[PROBLEM TO WORK ON] Within the records below, find the line with "爱西里2025秋气质拼接木耳花边设计斜肩不规则下摆丝绒上衣15505" and the line with "Newquay, UK, 02", then reproduce exactly those two lines and all lines between them, without any picture.
** Opening MATERIALS PROVIDED block **
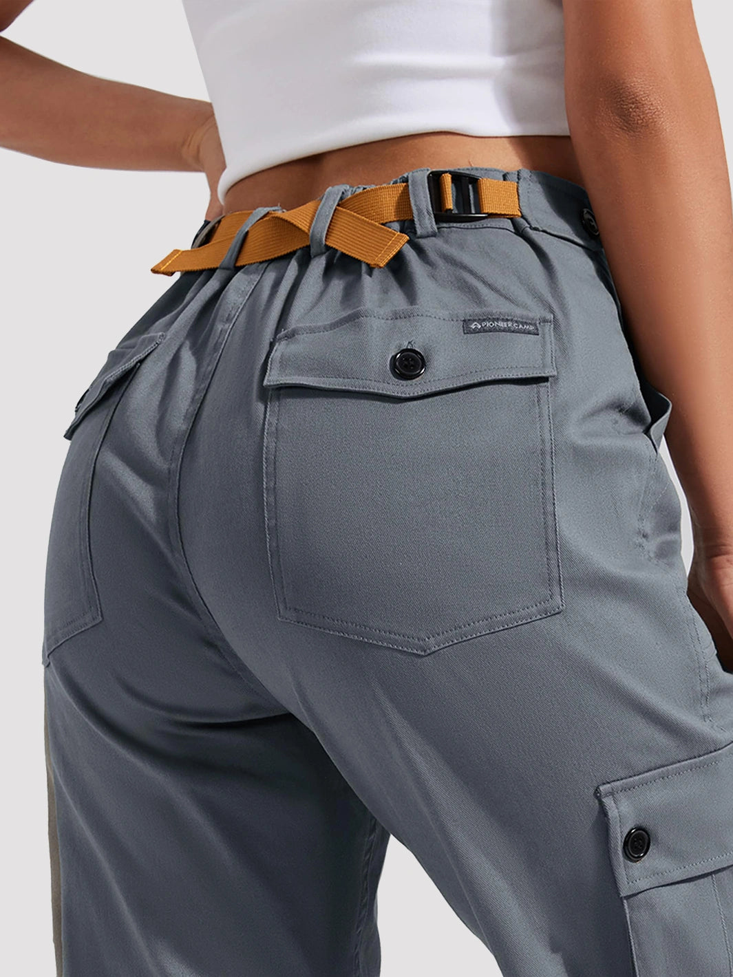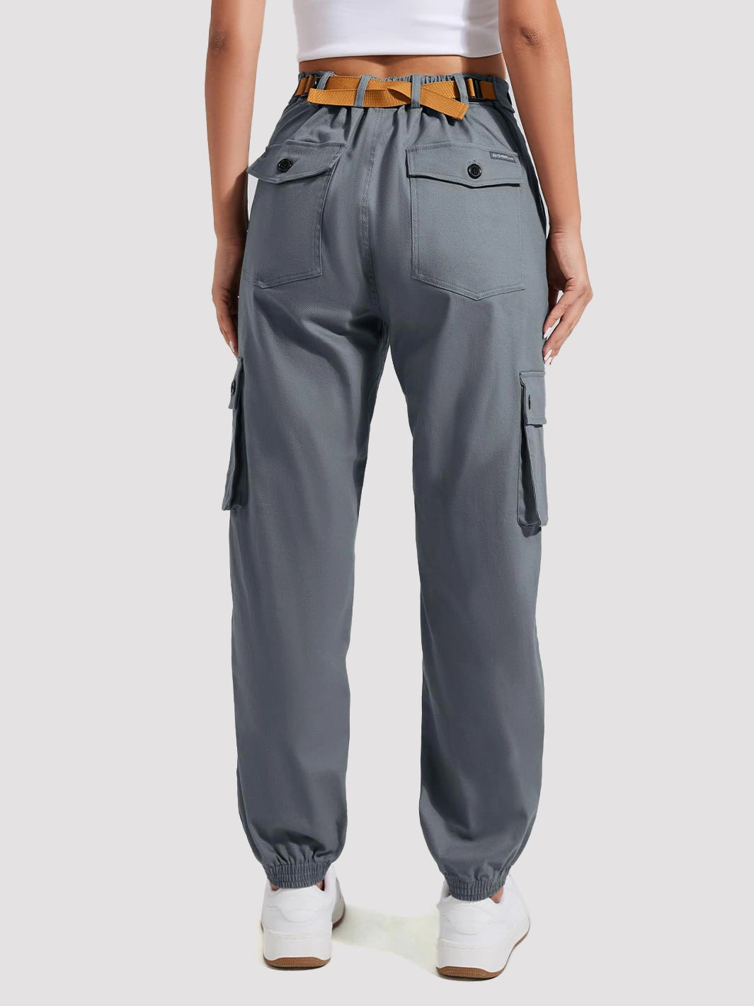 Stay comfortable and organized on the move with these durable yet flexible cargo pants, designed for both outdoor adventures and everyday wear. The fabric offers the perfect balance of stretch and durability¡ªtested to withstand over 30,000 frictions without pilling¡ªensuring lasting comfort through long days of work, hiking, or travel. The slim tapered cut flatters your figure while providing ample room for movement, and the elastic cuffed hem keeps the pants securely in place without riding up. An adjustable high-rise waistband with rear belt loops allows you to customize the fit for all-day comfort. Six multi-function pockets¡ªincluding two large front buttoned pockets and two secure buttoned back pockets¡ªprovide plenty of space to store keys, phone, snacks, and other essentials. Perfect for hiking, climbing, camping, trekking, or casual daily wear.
** Closing MATERIALS PROVIDED block **
** Opening MATERIALS PROVIDED block **
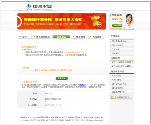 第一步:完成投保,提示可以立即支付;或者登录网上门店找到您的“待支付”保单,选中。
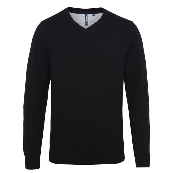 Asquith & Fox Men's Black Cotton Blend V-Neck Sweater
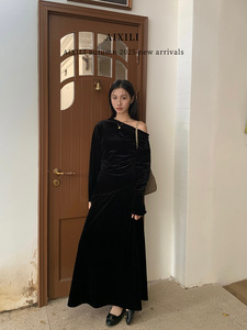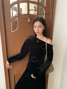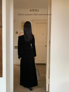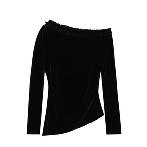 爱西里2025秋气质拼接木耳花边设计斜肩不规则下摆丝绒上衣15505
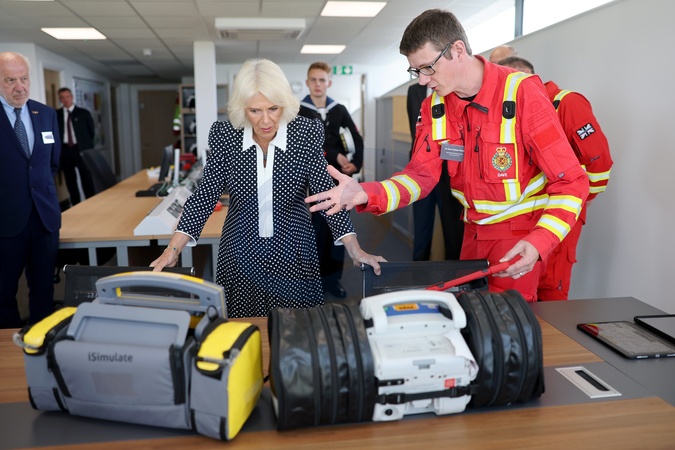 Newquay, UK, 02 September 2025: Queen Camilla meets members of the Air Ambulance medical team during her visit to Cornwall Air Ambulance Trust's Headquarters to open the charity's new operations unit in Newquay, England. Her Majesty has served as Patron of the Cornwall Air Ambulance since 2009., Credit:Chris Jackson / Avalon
** Closing MATERIALS PROVIDED block **
** Opening MATERIALS PROVIDED block **
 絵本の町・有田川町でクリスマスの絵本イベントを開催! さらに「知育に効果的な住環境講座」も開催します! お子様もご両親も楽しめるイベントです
** Closing MATERIALS PROVIDED block **
[PROBLEM SOLUTION]
 爱西里2025秋气质拼接木耳花边设计斜肩不规则下摆丝绒上衣15505
 Newquay, UK, 02 September 2025: Queen Camilla meets members of the Air Ambulance medical team during her visit to Cornwall Air Ambulance Trust's Headquarters to open the charity's new operations unit in Newquay, England. Her Majesty has served as Patron of the Cornwall Air Ambulance since 2009., Credit:Chris Jackson / Avalon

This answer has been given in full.